If an application is truly IO-bound, as in spending more than 95% of its time waiting for IO, then using an asynchronous execution model is likely what will get you the best results.
If an application isn’t fully IO-bound, but still is quite IO-heavy, then using a threaded server, with a reasonable number of threads per process, is probably what will get you the best tradeoff between latency and throughput.
If an application doesn’t spend significantly more than half its time on IO, then it might be preferable to use a purely process-based solution.

What the ratio of IO to CPU is likely to be like in an average Rails app is also what drove Rails to change the default generated Puma configuration from 5 threads to only 3.

But also for the Ruby community at large, I think it’s important not to disregard Ruby’s performance under the pretext that it doesn’t matter since it’s all about the database anyway.
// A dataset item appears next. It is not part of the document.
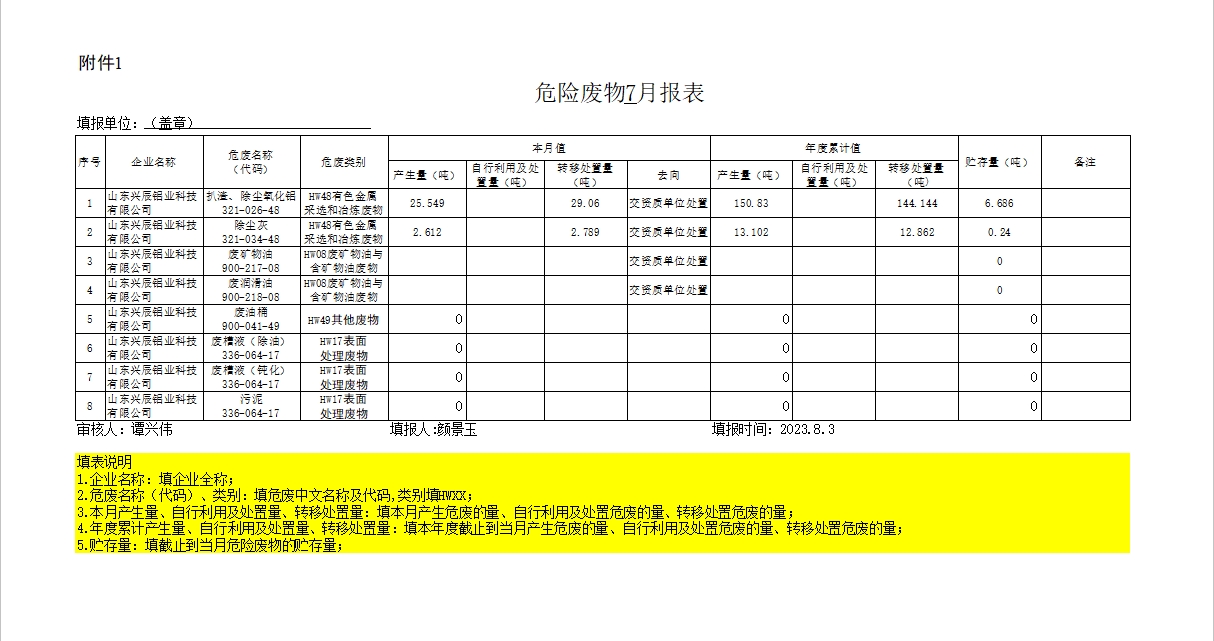 興辰鋁業(yè)危險廢物7月報表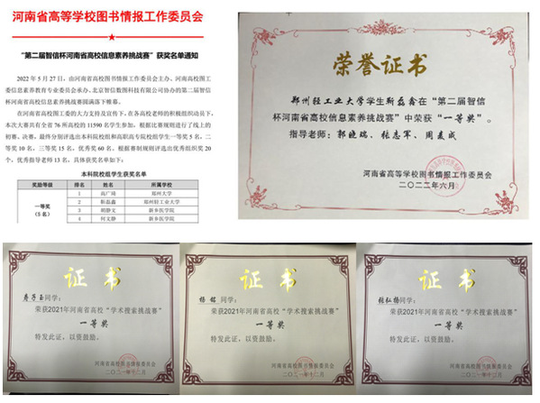 近日,继我校经济与管理学院寿子玉、计算机与通信工程学院杨铭和张弘扬三名同学组成“黄河队”代表我校参加2021年“中南七省高校信息素养挑战赛”获得河南赛区一等奖、中南七省总决赛三等奖后,我校计算机与通信工程学院学生靳磊鑫在2022年“第二届智信杯河南省信息素养挑战赛”中再创佳绩,斩获河南省一等奖。

This isn’t to say that Ruby is slow, it is without a doubt more than fast enough for writing web applications that provide a good user experience.

But it is also possible to write Ruby code in a way that doesn’t perform well at all, be it for the sake of usability or just because it’s fun to use meta-programing or that no one took the time to use a profiler to see if it is possible to do the same thing more efficiently.

As someone who spends a considerable amount of time looking at production profiles of Rails applications, I can say with confidence, there are a number of things in Rails and other commonly used gems that could be significantly faster, but can’t because their public API prevents any further optimization.

As Ruby developers, we naturally have the tendency to put developer happiness first, which is great, but we should also make sure not to disregard performance. Usability and performance don’t have to be mutually exclusive. APIs can be both very convenient and performant, but both have to be considered right from the start for it to happen. Once a public API has been defined and is widely used, there’s only so much you can do to make it perform faster unless you are willing to deprecate it in favor of a more performant one, but the community appetite for deprecations and breaking change is no longer what it used to be.